Gender Smoker Non-Smoker
Male 20 3
Female 8 22

The test statistic for the Chi-Square Test of independence is denoted as $$\chi^{2}$$, and is computed as:

$\chi^{2} = \sum_{i=1}^{R}{\sum_{j=1}^{C}{\frac{(o_{ij} - e_{ij})^{2}}{e_{ij}}}}$

where $$o_{ij}$$ is the observed cell count in the $$i^{th}$$ row and $$j^{th}$$ column of the table $$e_{ij}$$ is the expected cell count in the $$i^{th}$$ row and $$j^{th}$$ column of the table, computed as

$e_{ij} = \frac{(\text{Row i Total})\times(\text{Col j Total})}{\text{Grand Total}}$

The condition is based on the N and $$e_{ij}$$:

1. N ≥ 40 and $$e_{ij}$$ ≥ 5. Use the Chi-Squared Test.
2. N ≥ 40 and 1 ≤ $$e_{ij}$$ ≤ 5. Use the Chi-Squared Test with correction (chisq.test with parameter correct=TRUE).
3. N < 40 or $$e_{ij}$$ < 1 or p-value close to 0.05. Can not use the Chi-Squared Test, should use the Fisher’s Exact Test.

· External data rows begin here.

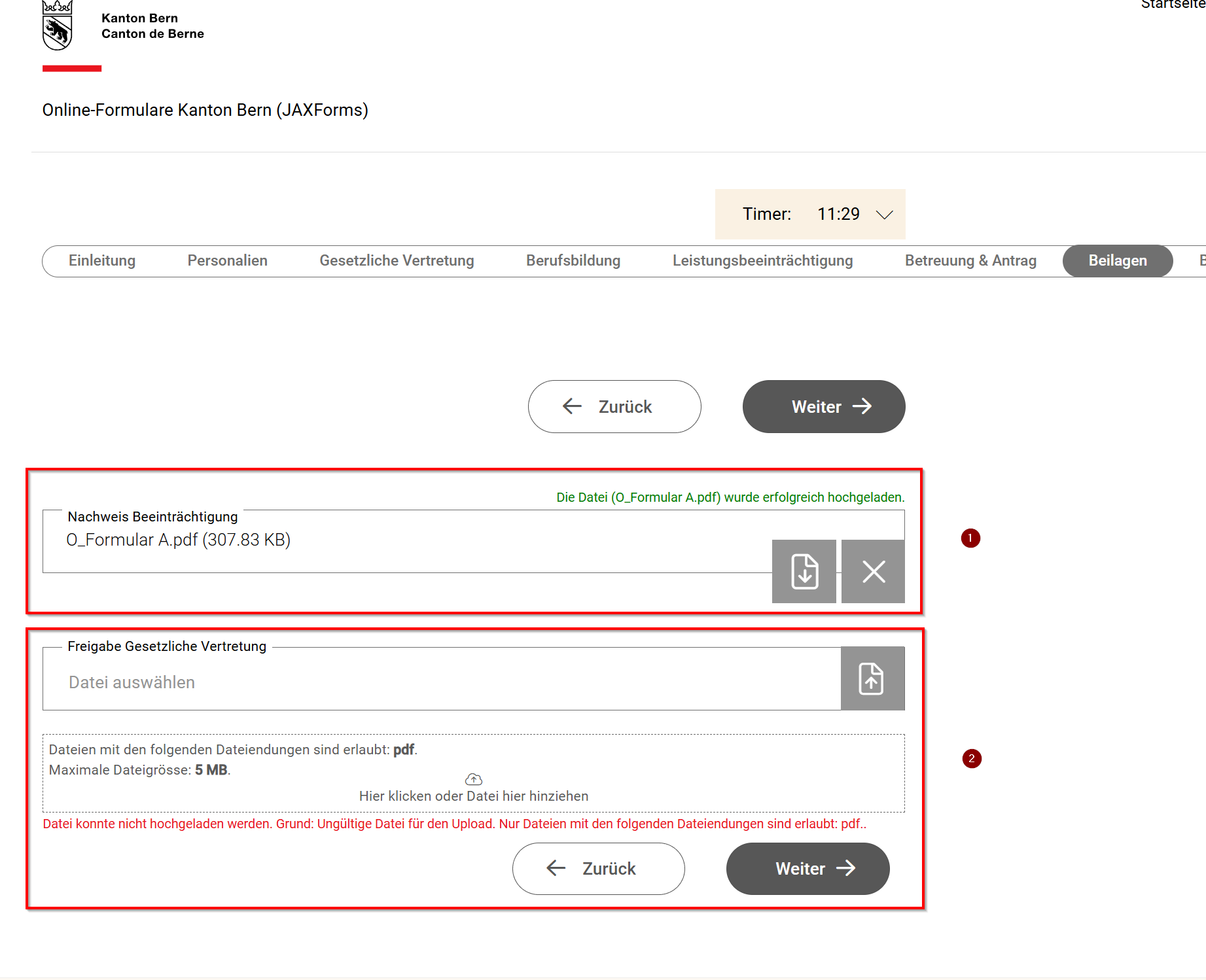 Sind die erlaubten Dateiendungen/Dateigrössen einmal eingestellt, wird dies beim Upload automatisch verprüft (es sind also keine zusätzlichen Einstellungen nötig).
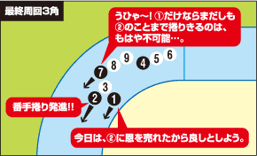 だから先行しているラインが他のラインより格下だったとしても、勝てる可能性は充分あります。333バンクでは、先行ライン有利です!
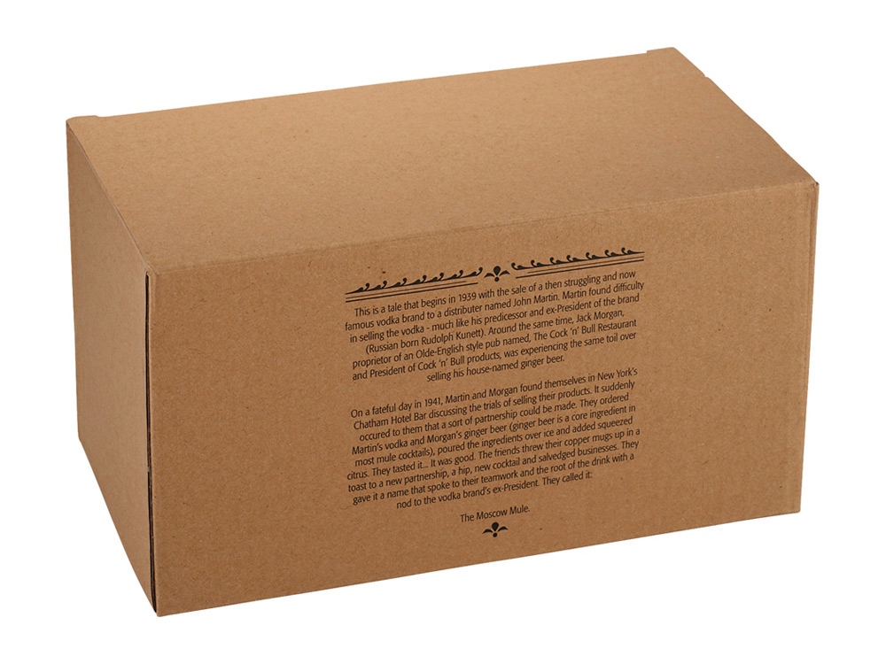 Набор коктейльных кружек Moscow Mule послужит идеальным подарком для любителя коктейльных историй. Набор включает в себя 2 алюминиевые кружки с медным покрытием, историю коктейля и карточку с рецептом. Гравировка (оптоволоконный лазер) (Без чернения) на данный товар осуществляется бесплатно. Оплачивается только настройка оборудования в размере 1000 рублей на весь тираж.
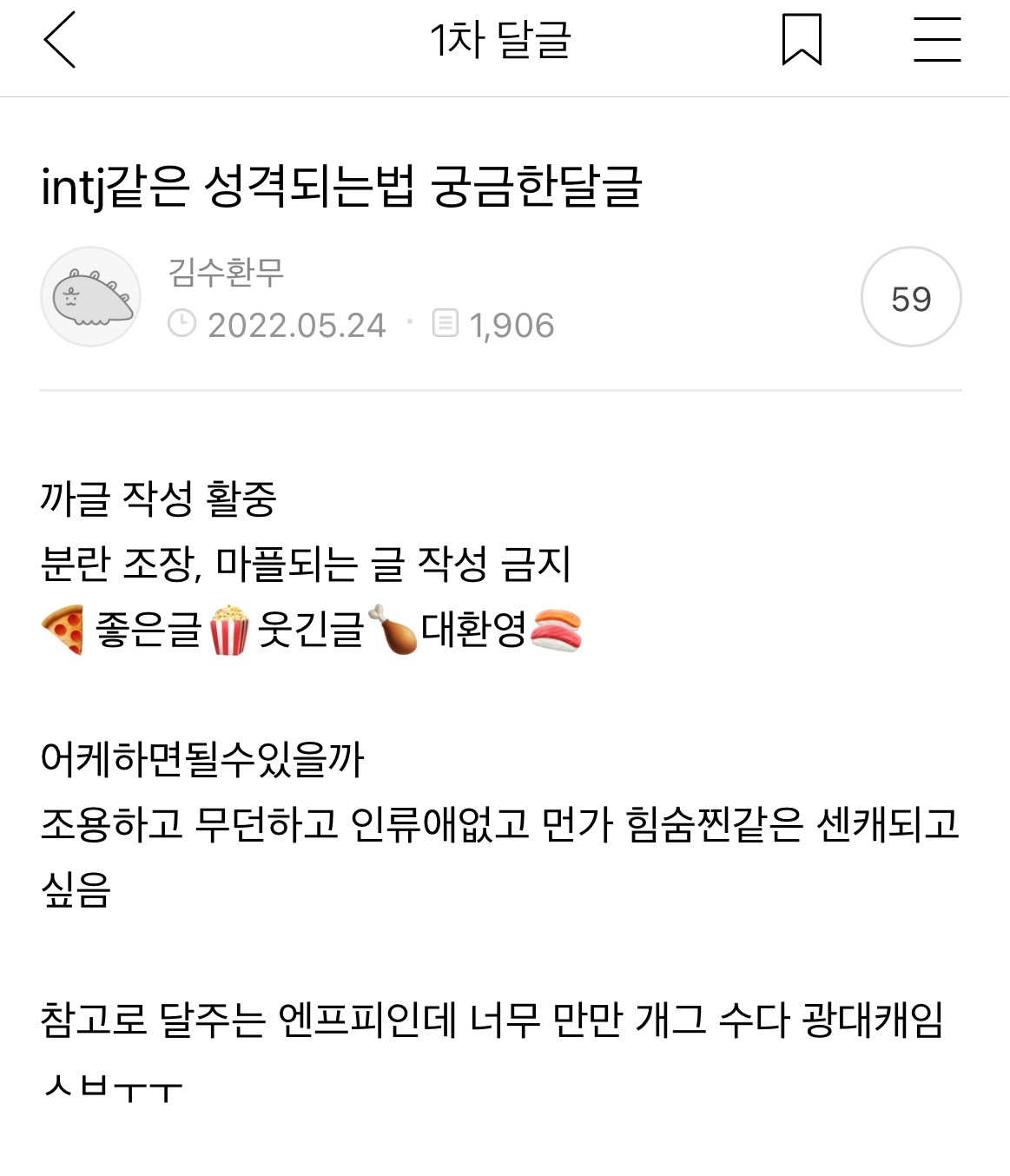 진지한 고민이지만 벌써부터 글에서 엔프피향 솔솔
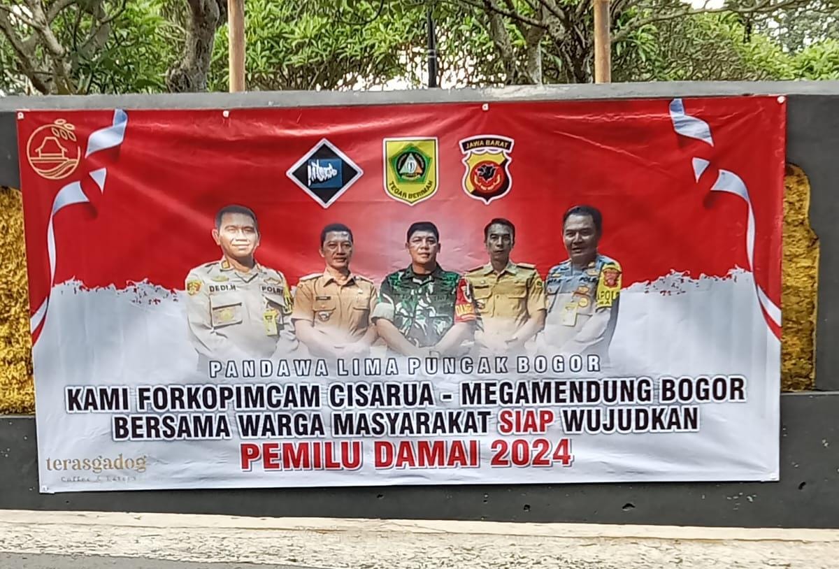 Palapatvnews | Bogor, Menjelang pelaksanaan Pemilihan Umum (Pemilu), Forkopincam Cisarua dan Megamendung Kabupaten Bogor melakukan langkah strategis dengan menggelar spanduk damai di setiap tempat keramaian atau tempat berkumpulnya massa. Langkah ini dilakukan baik untuk massa yang berasal dari luar Kabupaten Bogor maupun massa yang berasal dari daerah Bogor sendiri. Sabtu, (06/01/24).
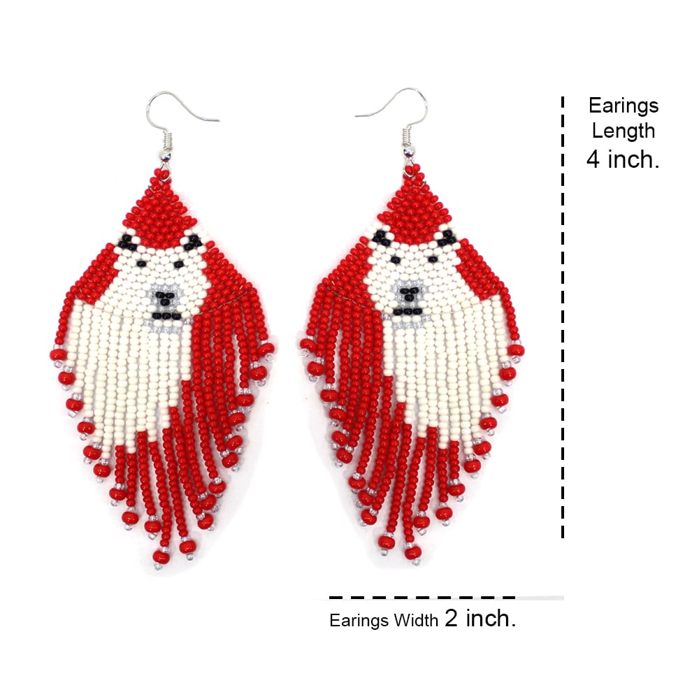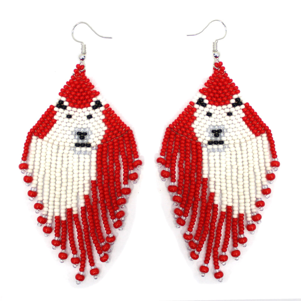 Handmade Red White Seed Beads Polar Bear Beaded Earrings
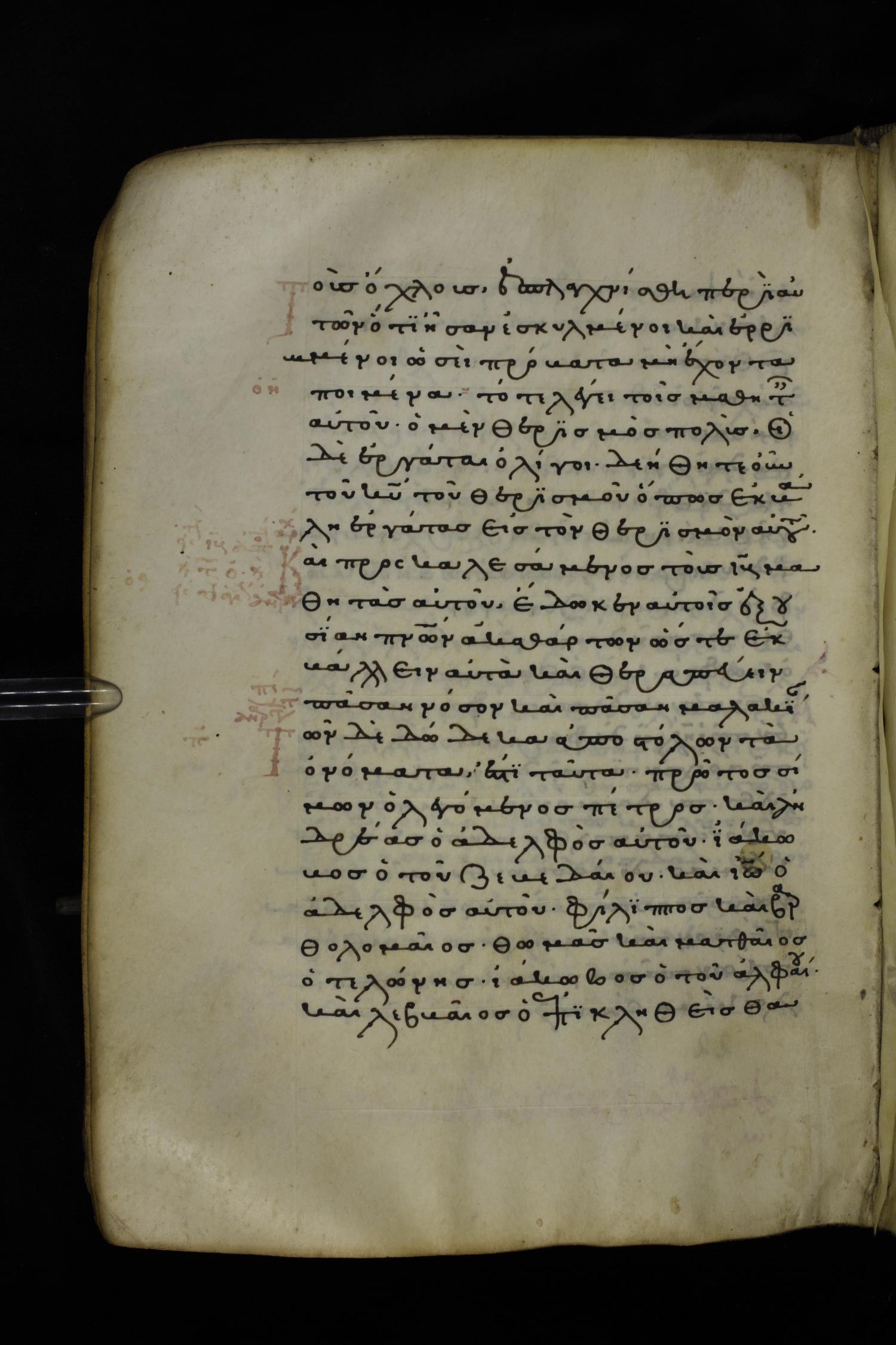 Thirteenth or fourteenth century minuscule of the Gospels on parchment; 312 leaves, 1 column, 19-22 lines per column. Images were taken at the National Library of Greece in Athens.
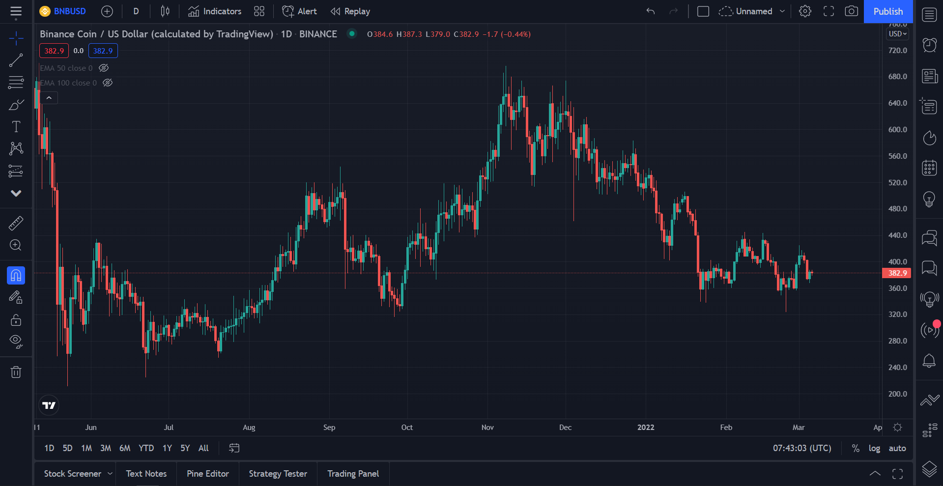 BNB current price on March 6, 2022erev (60)in #bnb • 4 years ago The price of BNB today is at the level of $382.9 #cryptocurrency #currentprice #tradingview
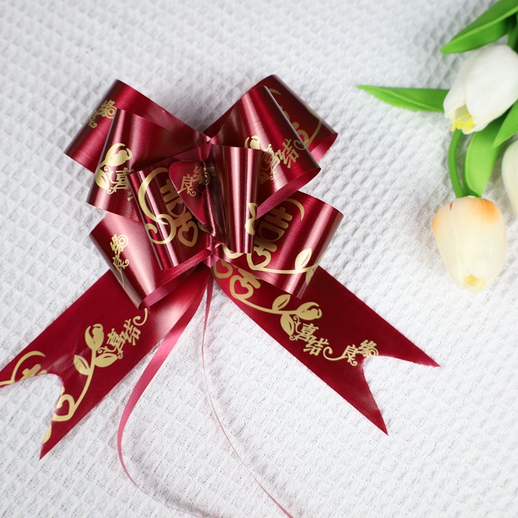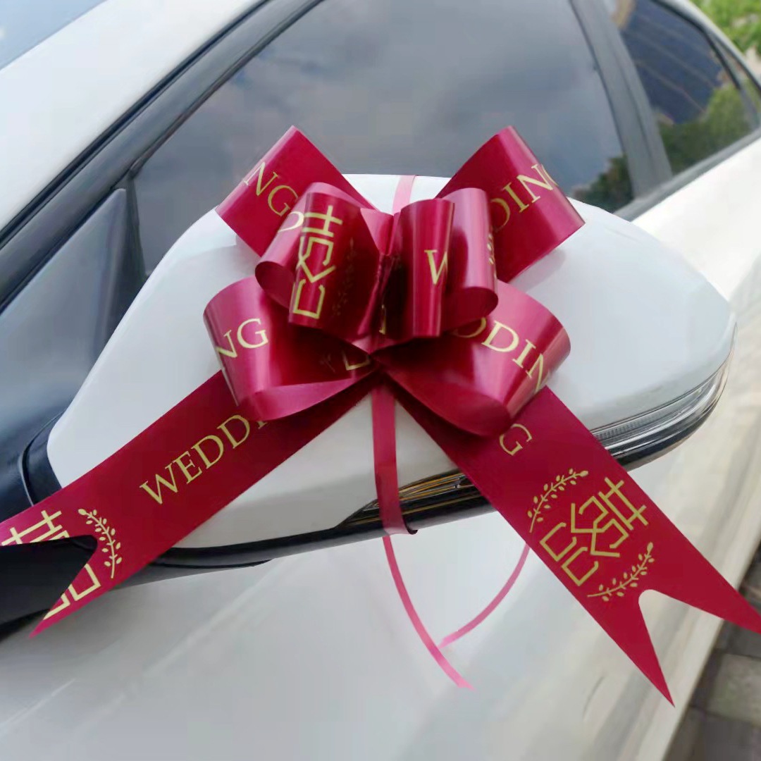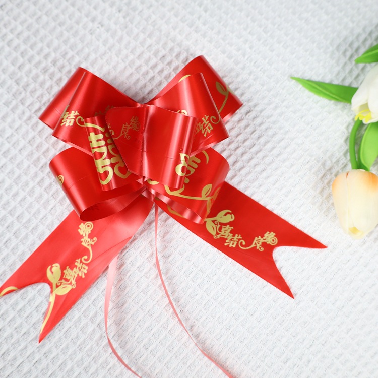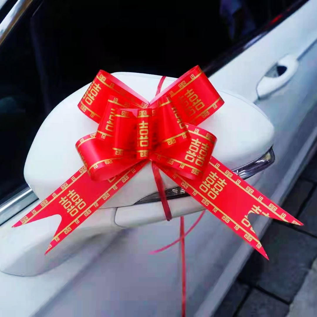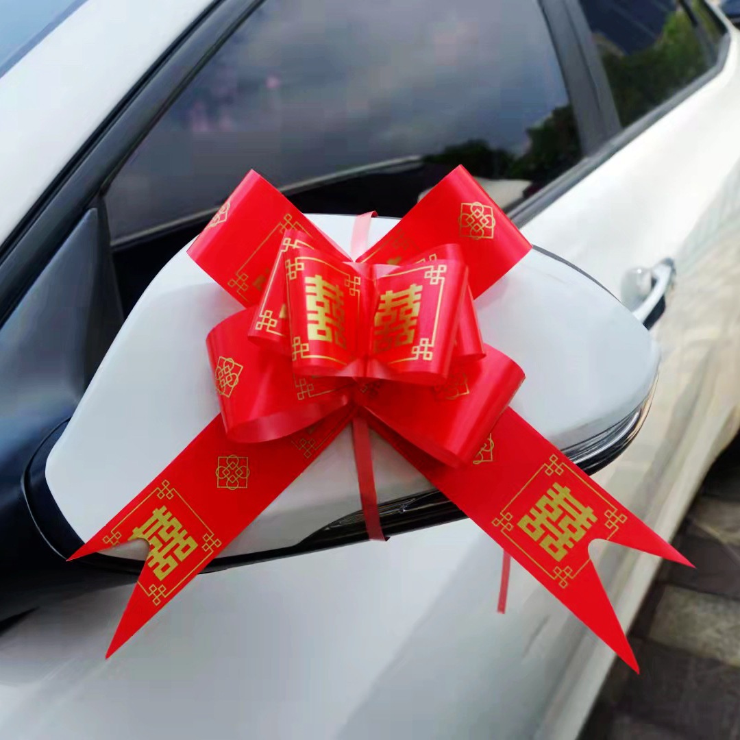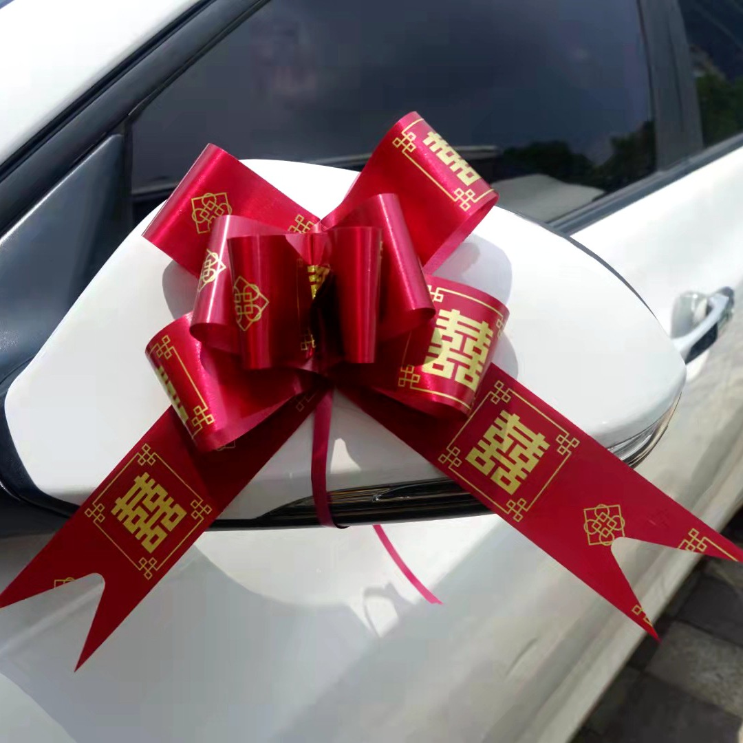 批发婚庆用品手拉花大红龙凤喜字手拉花5cm大号婚车装饰车门拉花
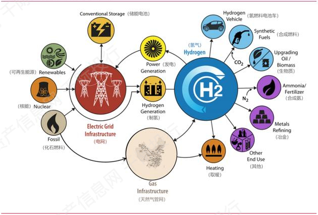 氢作为能源载体用来消纳可再生能源的利用已在全球开始推广,有助于可再生能源和氢能的协同发展,利用前景广阔;太阳能、风能、地热、核能、电能等等均可以转化成氢加以储存、运输或直接利用,是一种理想的载能体。氢能还是目前唯一可利用的循环能源,可取自于水,燃烧后又变成无任何污染的纯净水,循环往复以至无穷。氢能将成为21世纪的最有潜力的绿色能源。
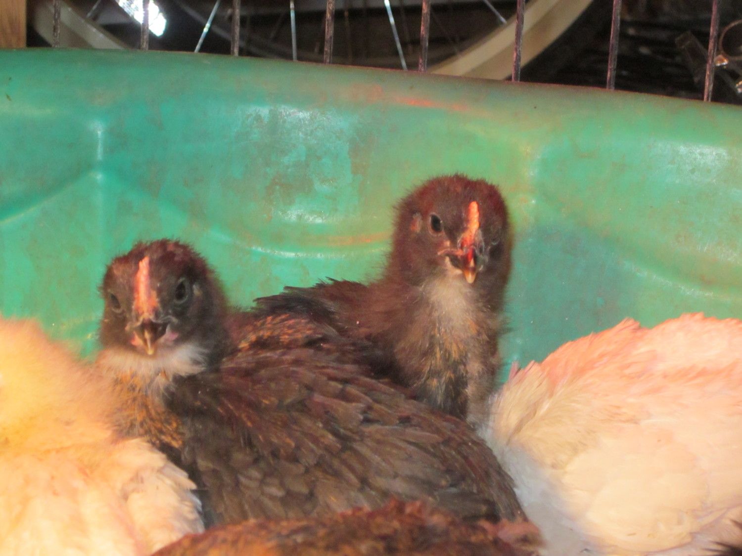 ok...so Deli...what is the roo..lol... rock? Black with little gold leakage on chest..seen here with the BCM roo..not best pic, he is the one on right. Black clean legs. three weeks and these two have red combs...other combs, not as red..waiting... they are so funny. just tried feeding dried mealies for first time. Had dozens in my hand...they kept pecking my hand and not worms. Silly birds.
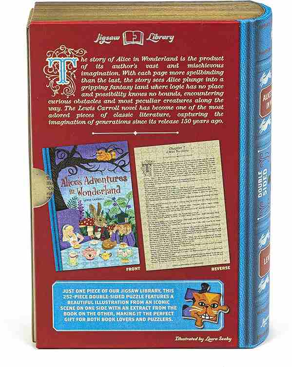 Professor Puzzle Alice in Wonderland palapeli 252 palaa on pakattu kirjan malliseen rasiaan. Kirjapalapeli Liisa Ihmemaassa on kaksipuoleinen palapeli; toinen puoli on on kirjan kuvitusta ja toinen puoli on tekstiä kirjasta.

To our smoking problem, we first check the total sample size N, N = 20 + 3 + 8 + 22 = 53 > 40. Second, we check each $$e_{ij}$$, each cell of $$e_{ij}$$ is described in the table and $$e_{ij}$$ > 5. Therefore, we could use Chi-Squared Test and find out the gender is correlated with the smoking status based on our data (p-value = 4.501e-05 « 0.05).

$$e_{ij}$$ Smoker Non-Smoker
Male 12.15 10.85
Female 15.85 14.15